Между тем, как по заказу, взлетели мировые цены на нефть. И опять(??) появилась надежда, связанная на этот раз с новым гарантом. Последний к этому факту никакого отношения не имел, однако воспользоваться таким подарком судьбы сумел очень даже оперативно – на новые, свалившиеся с неба деньги можно было приобрести себе новую команду и повязать её этим «баблом» по рукам и ногам. Ну, и кровушкой, конечно, замазать, как учили в той организации, из которой он вышел.

Так из «тёмной лошадки», о которой никто ничего толком не знал, выковывался нацлидер.


Комментарий журналиста того времени:


«– Кто же он, наш гарант? Наше всё?

– Пройдоха из питерской подворотни, шпана дворовая с пустым фантиком, зажатым в потном кулачке. Закомплексованный пацан, которому показали только один мускул в мозгу – как сделать, чтобы тебя боялись? Взять в заложники всю страну и при этом заставить эту же страну тебя обожать…»

Народ и правда был в восторге – «молодой, непьющий, из доблестных разведчиков», щас он всем им покажет! Кому «им» и что покажет, было не важно – население в эйфории.

Целая страна «ходоков» по особому пути.


Господи! Что за народ! Жалкий, добрый и нагло агрессивный одновременно.

Как же он умеет истошно обожать – преданно, нежно, вассально. Восхищаться до немоты. Радостно отдавать себя в руки Большому Белому Отцу, жертвовать для него своими и чужими жизнями! И чувствовать себя самым счастливым и самым несчастным одновременно.


Золотые слова писателя эпохи о том, что против России действительно существует заговор, но «только в заговоре этом участвует весь российский народ», с каждым годом становились всё актуальней.


А Лёшка, следуя славной русской традиции, не нашёл ничего лучше, чем запить. Запить с горя – это на Руси святое. Никто не осуждает – все жалеют. И даже не важно, какое горе, главное, что оно подразумевается.


Вера переехала в город, оставив Леночку со своими родителями. Она нянчилась с мужем, как с больным ребёнком. Её терпению и заботе дивилась даже Галя, на которую легли все заботы о Тиме.

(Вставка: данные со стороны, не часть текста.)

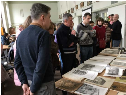
Фото 7. Виставка цінних та рідкісних видань на заході «Ар Деко у Львові»
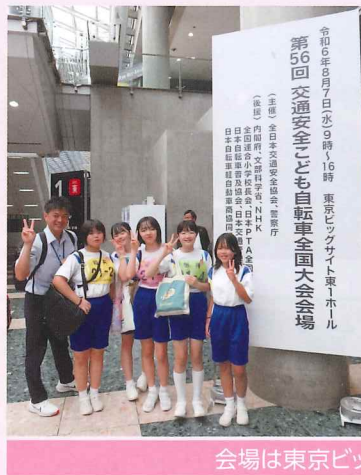
会場は東京ビックサイト
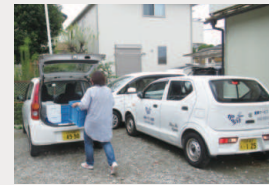
6台の配達車が順次出発
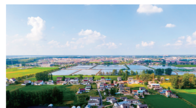
宜居宜业和美乡村——衣马村

深入推进农村人居环境“四河六路”先导区建设,高质量建成宜居宜业和美乡村示范项目,乡村生态韵味与人文底蕴持续彰显;盘活乡村闲置资源,规范集体“三资”管理,培育家庭农场拓展多元业态,多渠道拓宽农民增收致富路径。持续夯实农业发展基础,建成绿色优质食味稻基地2.3万亩,粮食总产量稳定超3.6万吨,“米袋子”“菜篮子”保障有力。
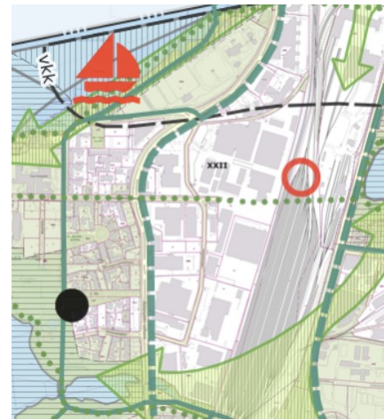
Kuva 3: Ote Kantakaupungin yleiskaava 2040 ja vaiheyleiskaava valtuustokausi 2017–2021, viherympäristö ja vapaa-ajan palvelut
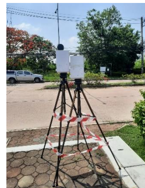
จุดที่ 2 บริเวณหมู่บ้านเพลินใจ 2
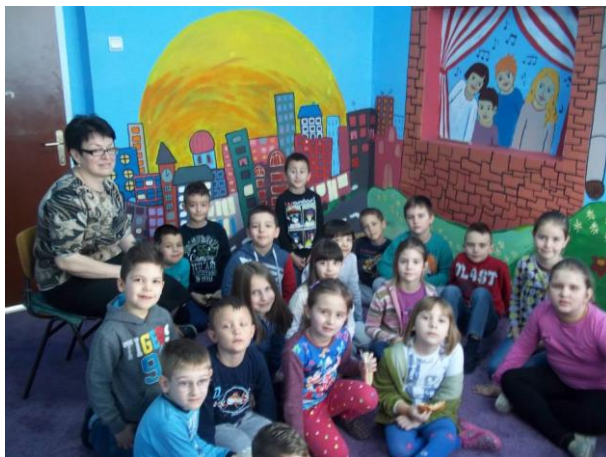
Слика 23. Из „Плаве себе“
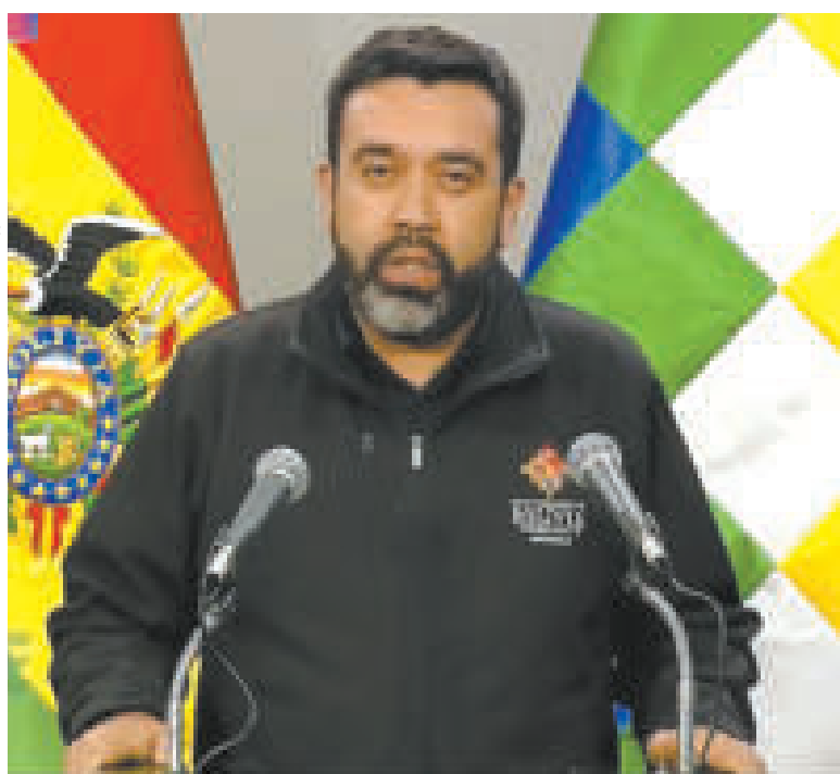
El viceministro Álvaro Ruiz anoche en conferencia de prensa en La Paz.
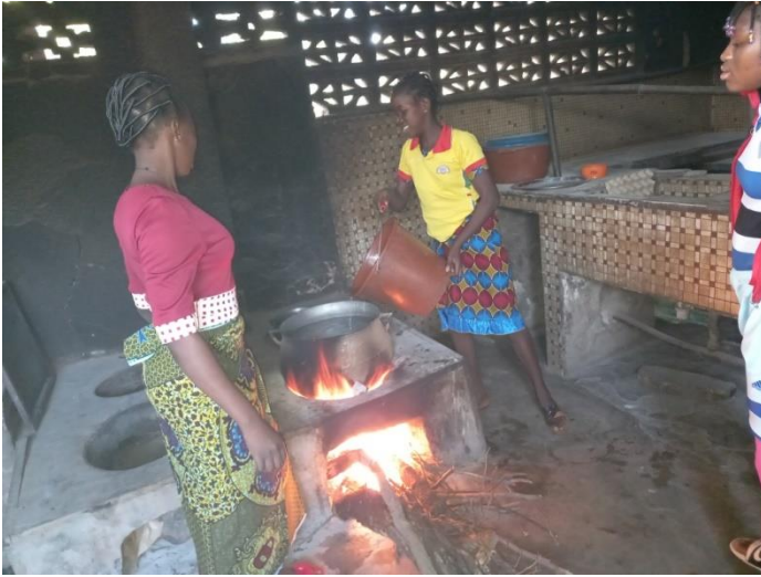
Preparazione dei pasti e del “to” una polenta
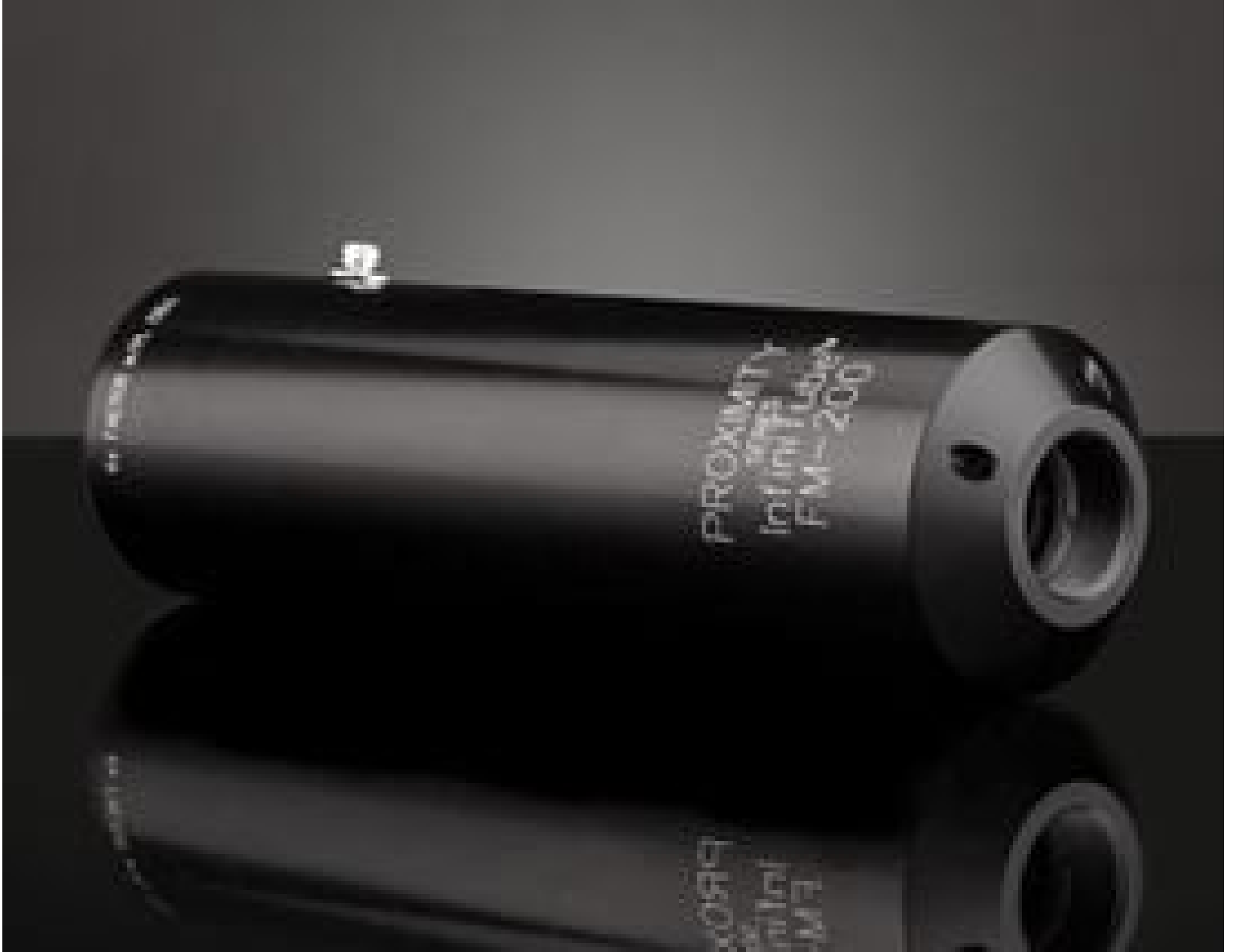
InfiniTube FM-200 (1X), #58-310

See More by Infinity Photo-Optical Company

Мальчик притих, вёл себя спокойно, маму старался не раздражать, а на папину «болезнь» реагировал по-своему, подолгу стоя перед зеркалом, покачиваясь и бессмысленно улыбаясь. Потом вдруг начинал корчиться и трястись, как заправский клоун, изображающий пьяного, считая, видимо, что отец придумал какую-то новую игру специально для них двоих.


Лёшка пил месяц. С ненавистью к себе и омерзением к водке, он вливал в себя насильно эту отраву, заставляя свой организм корчиться и содрогаться от отвращения. Зато вывороченной душе было не так больно. И на жене можно было срываться – какой с пьяного спрос. И о сыне забыть на какое-то время.

Только Кору никак не удавалось выкорчевать из себя – не помогали никакие творимые с собой безобразия. Он выплывал из небытия, с пьяным, затёкшим сознанием, с головой, насаженной на кол, с тяжёлыми ржавыми веками над тухлыми глазами, только затем, чтобы услышать в самом себе её смех, звенящий от счастья, как серебряные колокольцы, упиться её словами о любви и – в который раз! – выблевать отвращение к самому себе.


Через месяц его увезли в больницу с микроинфарктом.

Подлечили. Провели дезинтоксикацию и отправили в подмосковный санаторий на месяц.

Вера вернулась в Жуковку – санаторий находился недалеко от дачи.

* * *

Там-то его и навестил тесть.

– Ну что?! Решил уйти, не попрощавшись? У нас так не делается, – начал он, как всегда, цитатой из какого-то фильма про бандитов.

За эти годы Вадим Михалыч нажил брюшко, потерял две трети волос, а последнюю треть отрастил на зачёс через оба полушария. Одевался он теперь в английские пиджаки в мелкую клетку и вельветовые брюки, а над губой щетинились короткие жёсткие усишки – видимо, это соответствовало образу какого-нибудь очередного «крёстного папы».

– Вообще-то, я бы тебя отпустил на все четыре стороны – работник ты паршивенький, никакого авторитета среди подчинённых. Хватки жизненной у тебя нет. Муж из тебя тоже никудышный.

– Ну вот и отпустите, – устало усмехнулся Лёша.

– Не могу – ты отец моих внуков. И Верка, похоже, тебя любит, дурака. Да и знаешь ты теперь слишком много о моих делах. У нас, сам теперь знаешь, правило одно: вход рубль, выход хуй. Так что…

– …типа, не руби, сука, сук, на котором сидишь! – продолжил за него Лёша.

– Ха, ха, ха, – расхохотался Вадим Михалыч. – Это неплохо, надо запомнить. Не руби, сука, сук… ха… ха… ха… Короче, давай выходи отсюда – я тебя в нефтянку пристрою, сейчас там главные бабки, и мне у них свой человек нужен.

– Нет, Вадим Михалыч, в нефтянку я не пойду. И из конторы уволюсь.

– Да уж, надолго ль дураку стеклянный хер – не разобьёт, так потеряет! И что ж ты, бедолага, собираешься делать? На что жить? Мою дочь и внуков кормить? Или это я за тебя должен делать? Пока ты со своей тёлкой развлекаешься?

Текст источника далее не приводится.